Summertime and The World Beneath win

The NSW Premier’s Literary Awards were announced yesterday and J M Coetzee won the Christina Stead Prize for Fiction for Summertime, Cate Kennedy the People’s Choice Award (I voted!) for The World Beneath and the UTS Glenda Adams Award for New Writing for Fiction went to Andrew Croome for Document Z.

I’m happy to see Coetzee and Cate Kennedy up there, although the extent to which Coetzee’s fictionalised memoir is really a great novel is perhaps debatable. I base this judgement on Youth, the predecessor to Summertime, which I have read and enjoyed as a self-excoriating account of university days, first jobs and first excruciating sexual relationships – but a novel, fiction? In true form Coetzee didn’t turn up to collect the award in person.

I thought Andrew Croome’s Document Z a strange choice for best new writing. He probably got top marks for choosing a subject – politics and espionage – that is unusual for a first novel in this country. Document Z is about the Petrov Affair, and is mainly set in Canberra in the fifties. Croome’s book is closer to the genre end than the literary and was up against Steven Amsterdam’s Things We Didn’t See Coming and Karen Hitchcock’s very well reviewed Little White Slips, amongst others.

Orange Prize for fiction shortlist

It must be the prize season:

  • Hillary Mantel, Wolf Hall
  • Rosie Alison, The Very Thought of You
  • Barbara Kingsolver, The Lacuna
  • Attica Locke, Black Water Rising
  • Lorrie Moore, Gate at the Stairs
  • Monique Roffey, The White Woman on the Green Bicycle

Miles Franklin shortlist

Lovesong, by Alex Miller
The Bath Fugues, by Brian Castro
Jasper Jones, by Craig Silvey
The Book of Emmett, by Deborah Forster
Truth, by Peter Temple
Butterfly, by Sonya Hartnett

The Australian newspaper reports that Alex Miller let fly at the announcement do about the low profile of the Miles Franklin blaming Kevin Rudd for putting big money into the “Prime Ministers Award, which gets no publicity and will probably disappear when someone else becomes prime minister”.

He said the money should have been put into the Miles Franklin then Australia would have one premier award and not “a gaggle of prizes that people – and writers – would pay increasingly less attention to.
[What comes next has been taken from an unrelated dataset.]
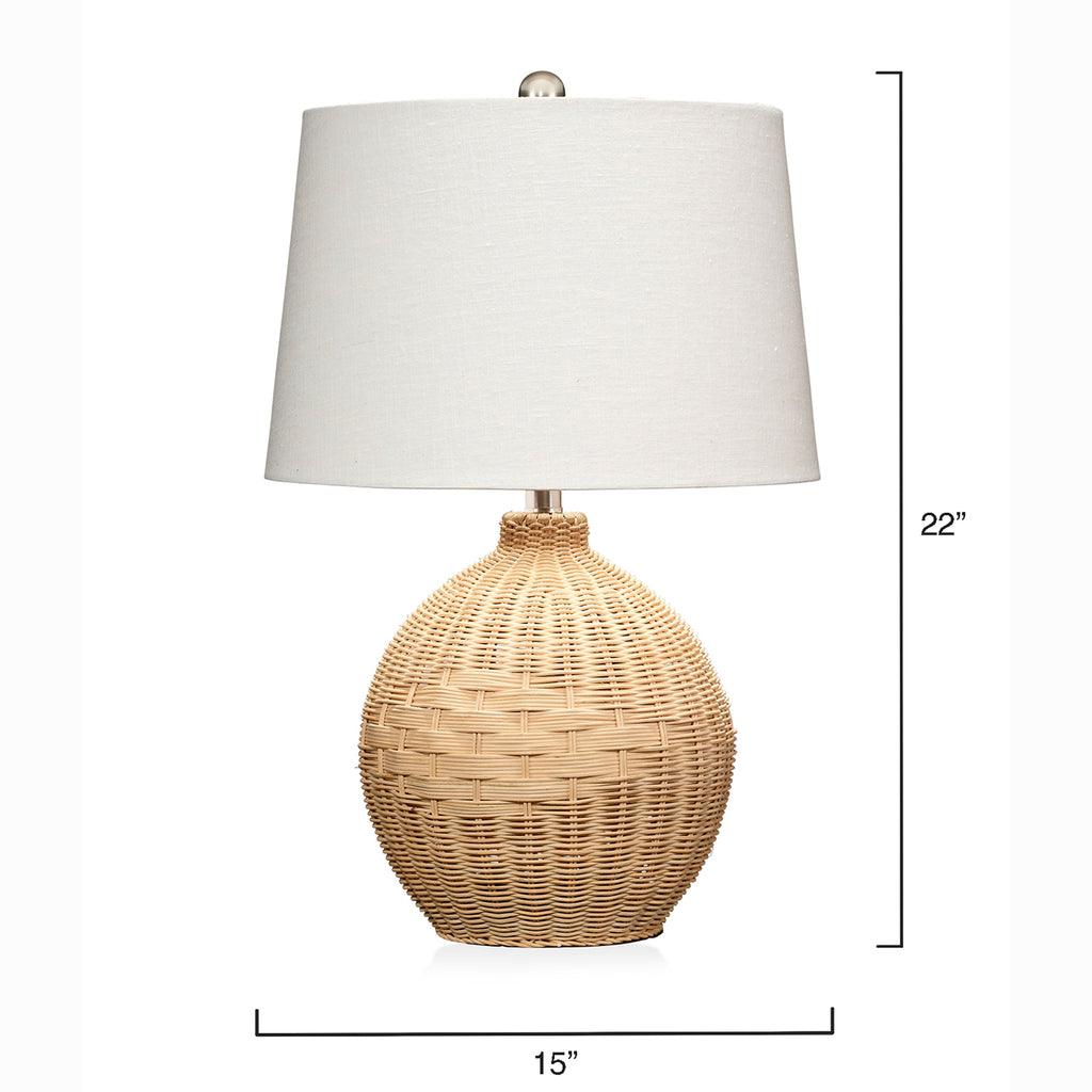 As light and airy as the ocean breezes that perfume Cape cities around the world, the globally inspired Palma Rattan Table Lamp pleasingly round base is handcrafted of sustainably harvested rattan, and is topped with a rolled edge tapered shade in 100% linen and a coordinating ball finial. An exceptional choice to light today’s contemporary casual interiors, place on a console or nightstand for an instant room uplift!

Various Premier’s Literary Awards, for example, were essentially irrelevant”.

Miller seems to hold the Booker prize up as a role model. Whatever you think of the Booker it’s got publicity down to a fine art. But it also makes literature into a “winner takes all” roulette wager.

I agree the Miles Franklin Award has cache and should be promoted more (but, like the Booker, book sales here DO go up for the MF winner) but isn’t it also better to have a range of smaller (and regional) prizes to share the sunshine?
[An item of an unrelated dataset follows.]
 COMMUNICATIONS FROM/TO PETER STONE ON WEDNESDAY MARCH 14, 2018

See the article in The Australian  and also the A Pair of Ragged Claws blog comment here

On another controversy, it’s good to see the women back (if only comprising 33%).

APA book design awards

The shortlist in the Best Designed Literary Fiction Book category includes: (Plus The China Garden see previous post)

For general fiction best book design are (plus American Rust which I’m not incuding):

A True History of the Hula Hoop, Ransom and Valley of Grace are the fiction finalists for Best Designed Cover.

I think the Andrew McGahan cover is lovely and I also like Good to a Fault which stands out in the bookshop but I can see Ransom has a wonderful simplicity as does The China Garden. We await the results!

Miles Franklin 2010 Longlist

  • Lovesong Alex Miller
  • The Bath Fugues Brian Castro
  • Jasper Jones Craig Silvey
  • Sons of the Rumour David Foster
  • The Book of Emmett Deborah Forster
  • Siddon Rock Glenda Guest
  • Boy on a Wire Jon Doust
  • Figurehead Patrick Allington
  • Parrot and Olivier in America Peter Carey
  • Truth Peter Temple
  • Butterfly Sonya Hartnett
  • The People’s Train Tom Keneally

The shortlist is announced in April and the winner in June.